CHAPTER VII

MEMBER FOR OXFORD

"Mr. Gladstone's career," says his biographer, G.W.E. Russell, "naturally divides itself into three parts. The first of them ends with his retirement from the representation of Newark. The central part ranges from 1847 to 1868. Happily the third is still incomplete." The first division, according to Dr. Russell, of this remarkable life, we have considered, and we now pass on to the development of the second period. The causes which led up to Mr. Gladstone's retirement from the representation for Newark to that of Oxford we will now proceed to trace.

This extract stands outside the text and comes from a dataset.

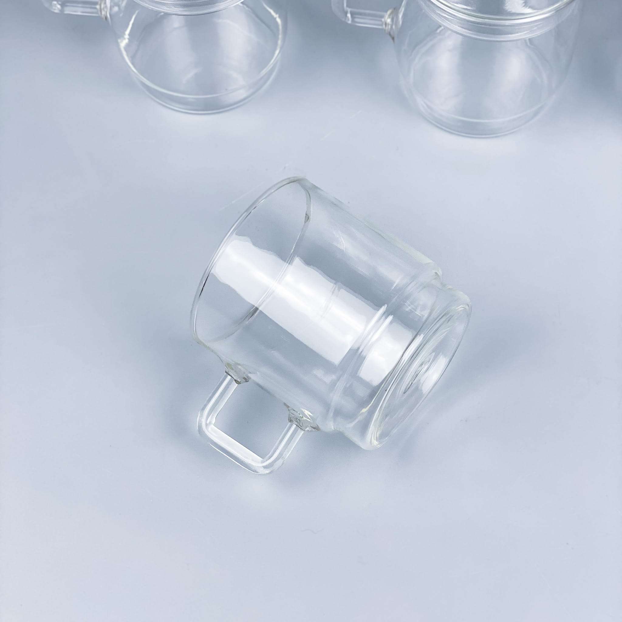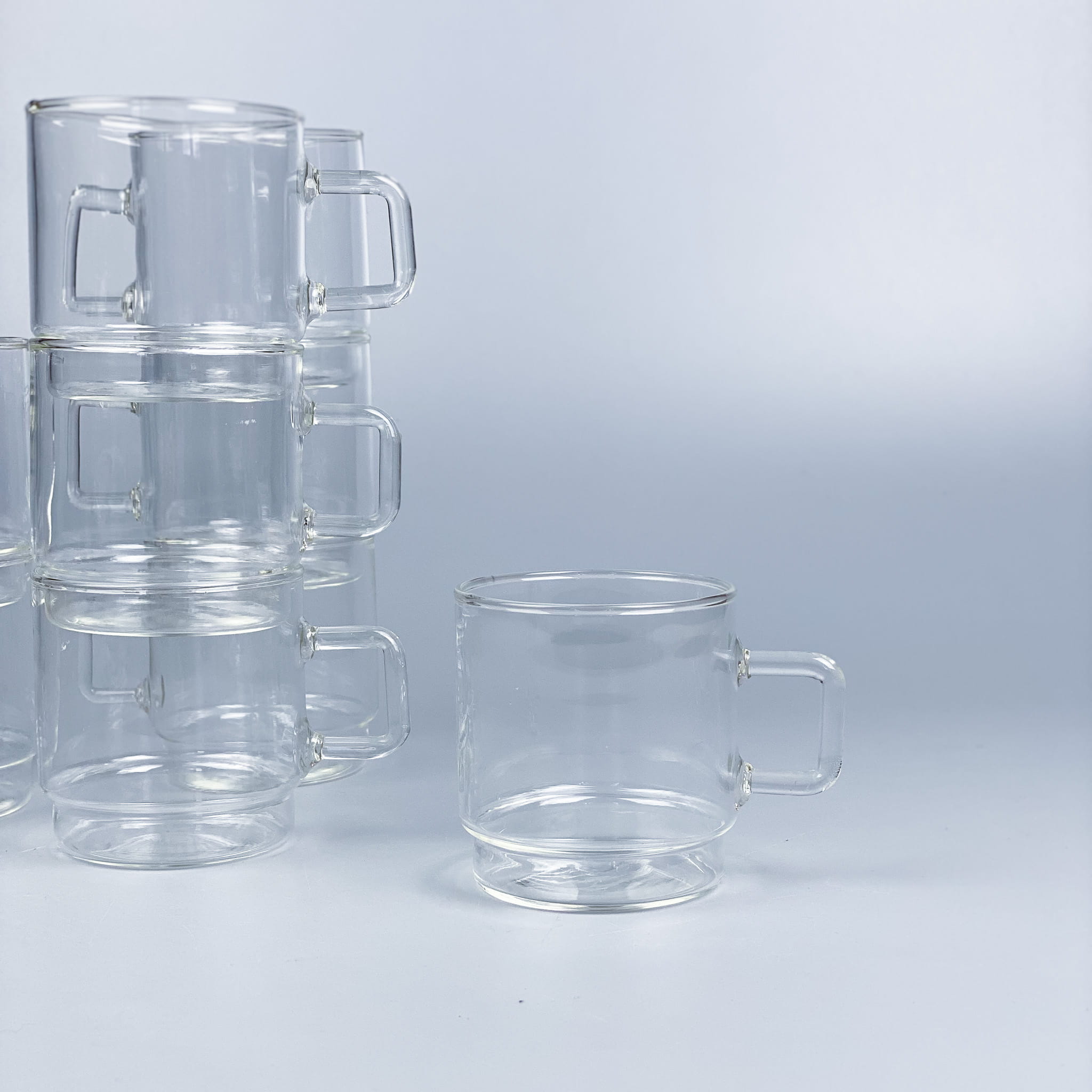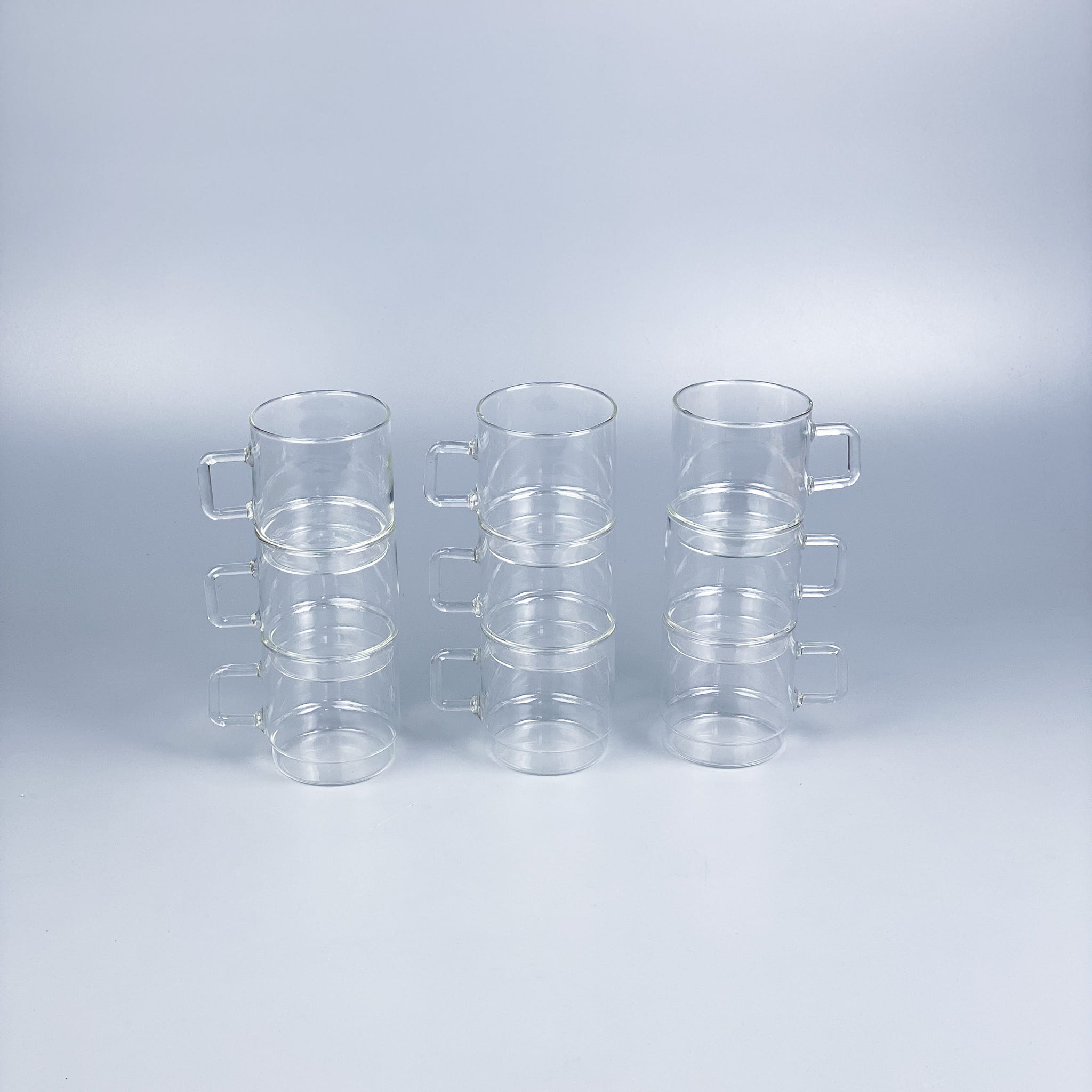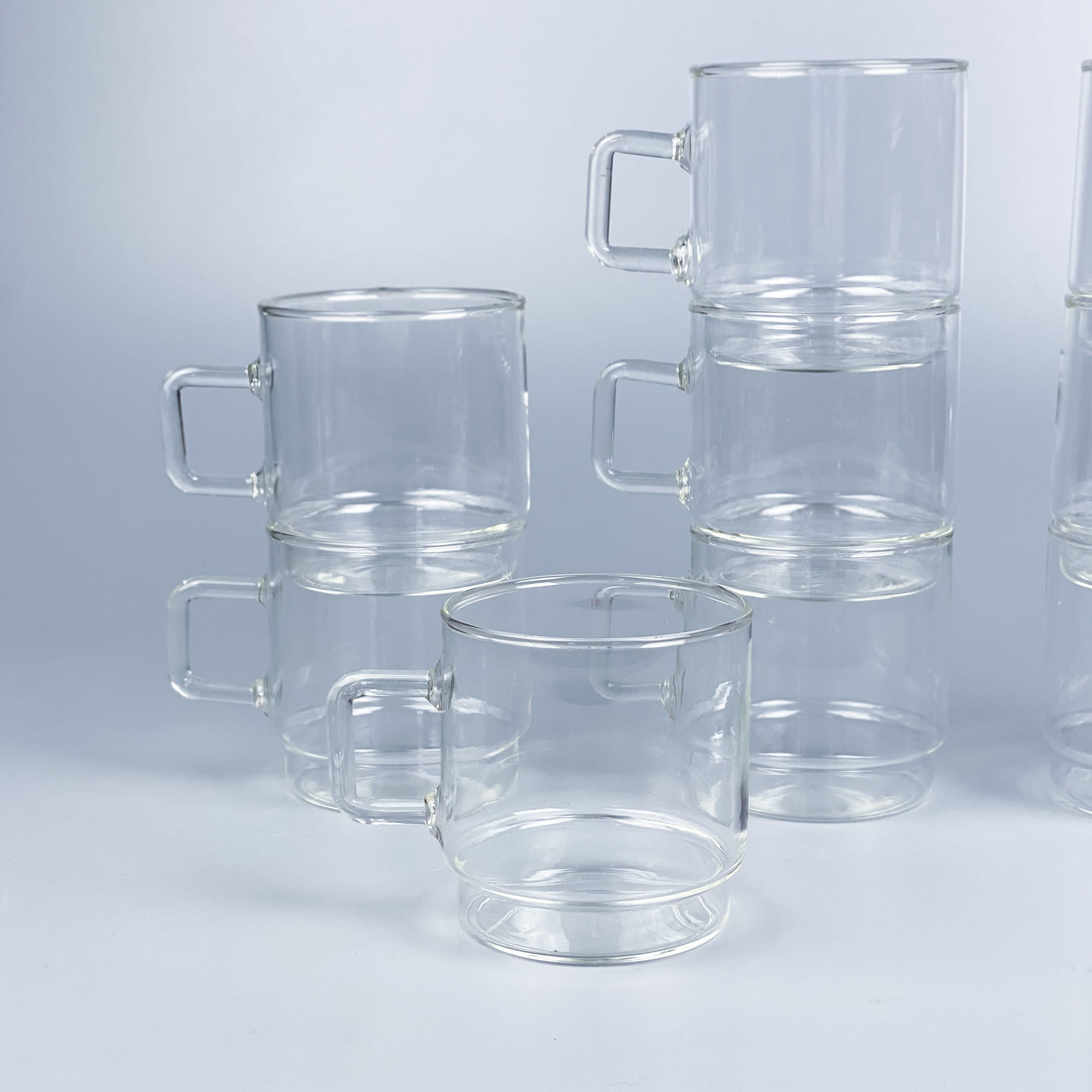Zestaw szklanek ze szkła borokrzemowego Jena Glas. Fajny rozmiar, wygodne uszko, odporne na temperatury. Stan bardzo dobry, minimalne ślady użytkowania / wysokość: 7,5 cm / średnica: 7 cm / pojemność: 0,2l / 170 zł zestaw 5 sztuk

The agitation by the ablest orators against the corn laws had been going on for ten years, when an announcement was made in the "Times" of December 4, 1845, that Parliament would be convened the first week in January, and that the Queen's address would recommend the immediate consideration of the corn laws, preparatory to their total abolition. This startling news took the other daily papers by surprise, for there had been recently a lull in the agitation, and several of them contradicted it positively. Yet the newspapers had noticed the unusual occurrence of four cabinet meetings in one week. The original statement was confirmed. The ministry was pledged to support the measure. The hour had come, the doom of the corn laws was sealed. Mr. Gladstone's thoughts and labors for some years past had been leading him away from Protection, in which he had been brought up, in the direction of Free Trade; and although he was unable to participate in the last part of the struggle in Parliament, because he was not a member of the House, he was yet in harmony with Sir Robert Peel, and indeed is said to have converted the Premier to Free Trade views. Such a change of views was not the sudden impulse of an hour. The next step was to announce his changed convictions. And so upon other occasions in his life, his attitude on the question of the corn laws led to his separation from some old and greatly cherished political and personal friends, and among the first to disapprove of his new departure must have been his own father, who would think his son was going to ruin the country.

The Duke of Buccleuch and Lord Stanley informed Sir Robert Peel that they could not support a measure for the repeal of the corn laws, and Sir Robert Peel, being doubtful whether he could carry through the proposed measure in the face of such opposition, tendered his resignation as premier to the Queen. Lord John Russell was called upon to form a new ministry, but, having failed in this, the Queen desired Sir Robert Peel to withdraw his resignation, and resume the head of the government again.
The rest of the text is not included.